======== Provided material ========
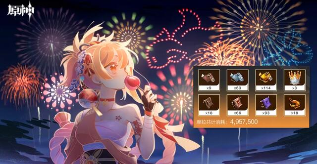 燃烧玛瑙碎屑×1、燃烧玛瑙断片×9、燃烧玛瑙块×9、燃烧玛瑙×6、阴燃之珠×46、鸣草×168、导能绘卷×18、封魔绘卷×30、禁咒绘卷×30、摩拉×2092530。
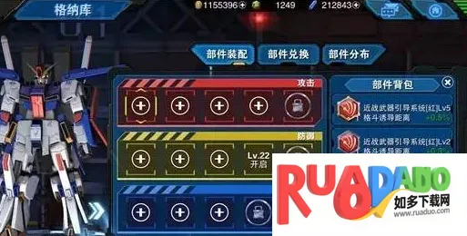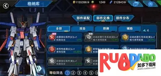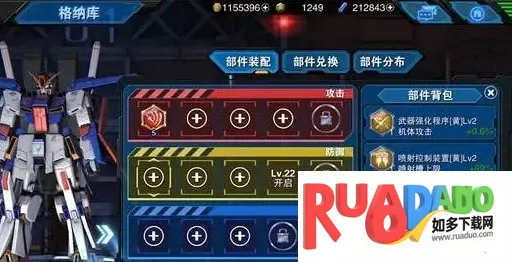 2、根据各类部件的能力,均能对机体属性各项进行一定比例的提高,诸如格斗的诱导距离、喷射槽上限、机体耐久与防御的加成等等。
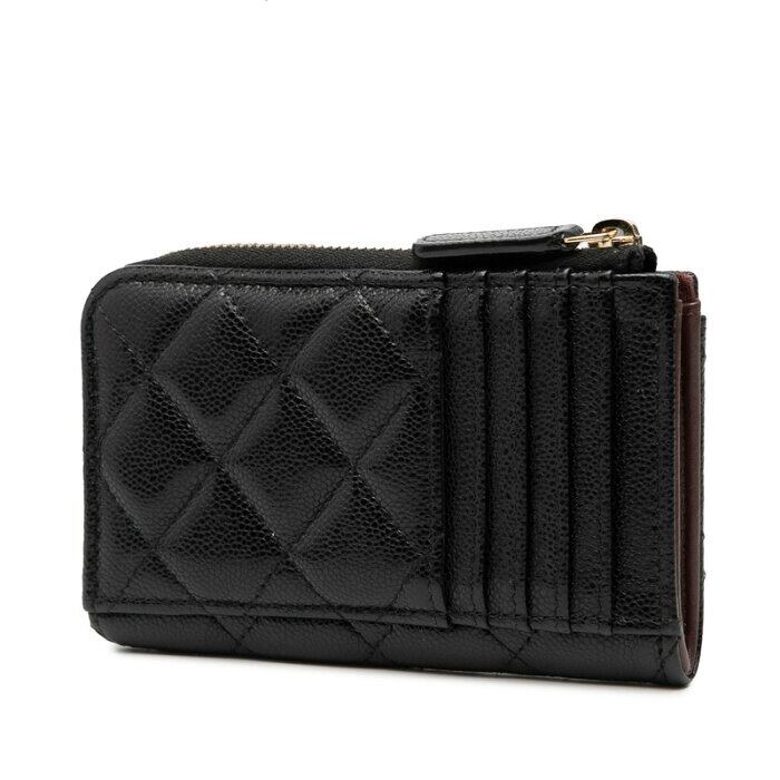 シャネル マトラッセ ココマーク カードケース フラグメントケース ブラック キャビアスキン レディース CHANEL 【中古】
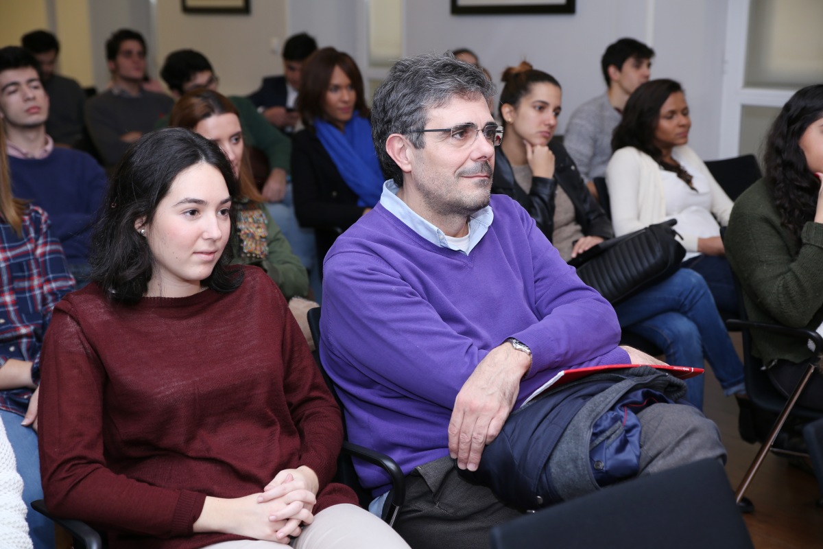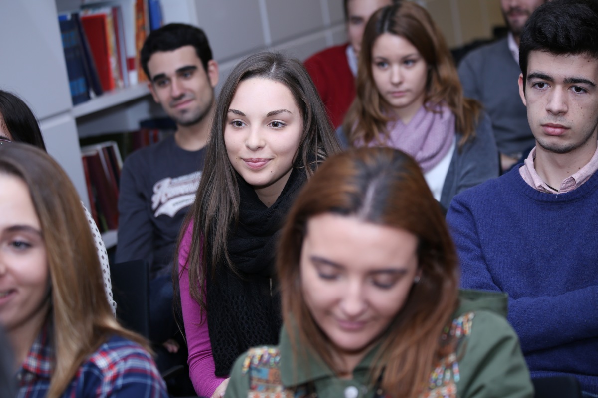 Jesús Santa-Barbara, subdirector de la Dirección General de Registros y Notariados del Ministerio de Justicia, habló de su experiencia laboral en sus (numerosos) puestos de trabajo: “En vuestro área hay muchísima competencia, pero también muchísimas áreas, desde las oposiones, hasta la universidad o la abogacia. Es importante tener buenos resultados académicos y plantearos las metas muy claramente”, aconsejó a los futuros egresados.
========
Task objective: Please retype the data exactly. The pictures do not go in.

Final answer:
 燃烧玛瑙碎屑×1、燃烧玛瑙断片×9、燃烧玛瑙块×9、燃烧玛瑙×6、阴燃之珠×46、鸣草×168、导能绘卷×18、封魔绘卷×30、禁咒绘卷×30、摩拉×2092530。
 2、根据各类部件的能力,均能对机体属性各项进行一定比例的提高,诸如格斗的诱导距离、喷射槽上限、机体耐久与防御的加成等等。
 シャネル マトラッセ ココマーク カードケース フラグメントケース ブラック キャビアスキン レディース CHANEL 【中古】
 Jesús Santa-Barbara, subdirector de la Dirección General de Registros y Notariados del Ministerio de Justicia, habló de su experiencia laboral en sus (numerosos) puestos de trabajo: “En vuestro área hay muchísima competencia, pero también muchísimas áreas, desde las oposiones, hasta la universidad o la abogacia. Es importante tener buenos resultados académicos y plantearos las metas muy claramente”, aconsejó a los futuros egresados.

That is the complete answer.